◆ Problem statement: Nothing but the lines from the one containing "(1997-2005) 1998 |" through the last line of the material should appear in the answer, transcribed exactly, pictures excluded.

::: Provided material

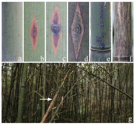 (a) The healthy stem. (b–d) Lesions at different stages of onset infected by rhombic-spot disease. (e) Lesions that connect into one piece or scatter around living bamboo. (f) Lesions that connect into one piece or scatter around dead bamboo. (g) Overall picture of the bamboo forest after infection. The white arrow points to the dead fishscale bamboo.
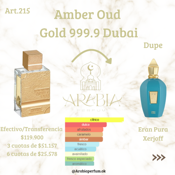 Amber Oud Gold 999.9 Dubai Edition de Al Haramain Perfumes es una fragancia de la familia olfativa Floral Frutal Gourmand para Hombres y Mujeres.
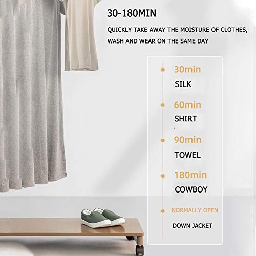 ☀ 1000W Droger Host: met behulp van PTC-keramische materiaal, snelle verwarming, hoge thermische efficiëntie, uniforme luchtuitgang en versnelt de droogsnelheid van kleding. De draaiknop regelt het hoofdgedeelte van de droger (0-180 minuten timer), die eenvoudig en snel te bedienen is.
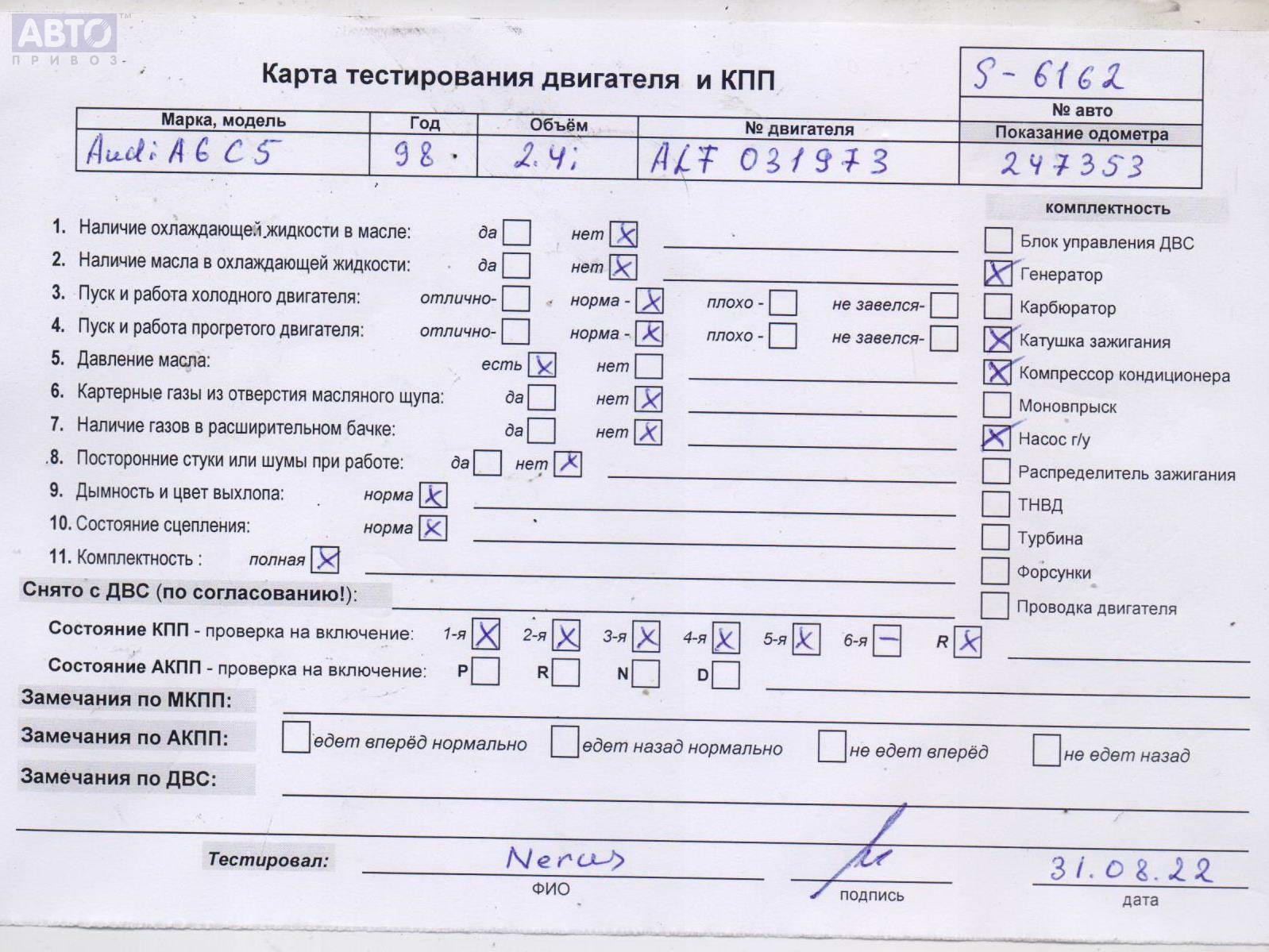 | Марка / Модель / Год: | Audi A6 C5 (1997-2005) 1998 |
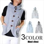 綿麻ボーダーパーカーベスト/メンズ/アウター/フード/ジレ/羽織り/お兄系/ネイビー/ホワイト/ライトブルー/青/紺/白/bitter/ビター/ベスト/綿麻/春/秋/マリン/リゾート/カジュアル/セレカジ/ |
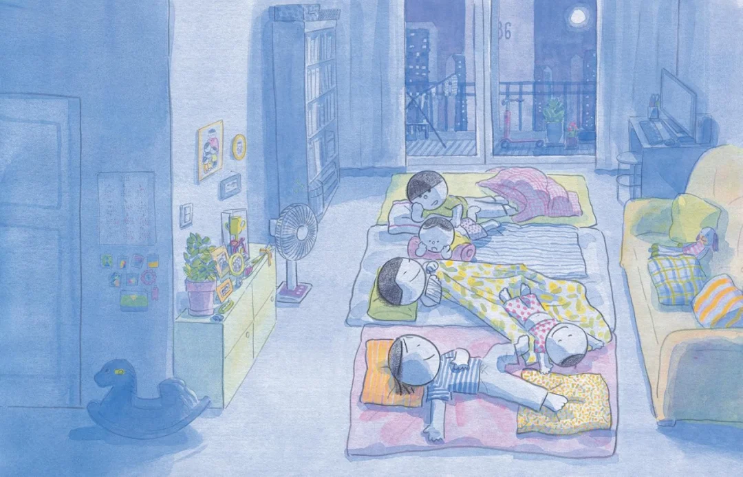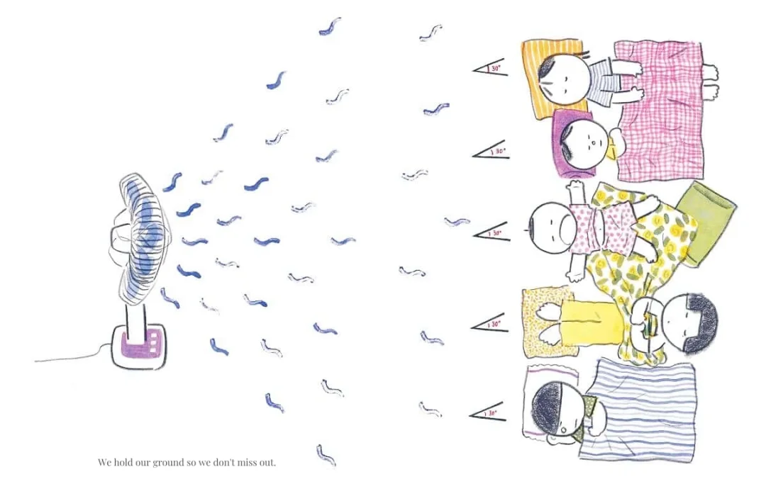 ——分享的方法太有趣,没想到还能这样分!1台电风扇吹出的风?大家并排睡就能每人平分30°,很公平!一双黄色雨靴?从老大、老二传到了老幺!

::::::

◆ Written response:
 | Марка / Модель / Год: | Audi A6 C5 (1997-2005) 1998 |
 綿麻ボーダーパーカーベスト/メンズ/アウター/フード/ジレ/羽織り/お兄系/ネイビー/ホワイト/ライトブルー/青/紺/白/bitter/ビター/ベスト/綿麻/春/秋/マリン/リゾート/カジュアル/セレカジ/ |
 ——分享的方法太有趣,没想到还能这样分!1台电风扇吹出的风?大家并排睡就能每人平分30°,很公平!一双黄色雨靴?从老大、老二传到了老幺!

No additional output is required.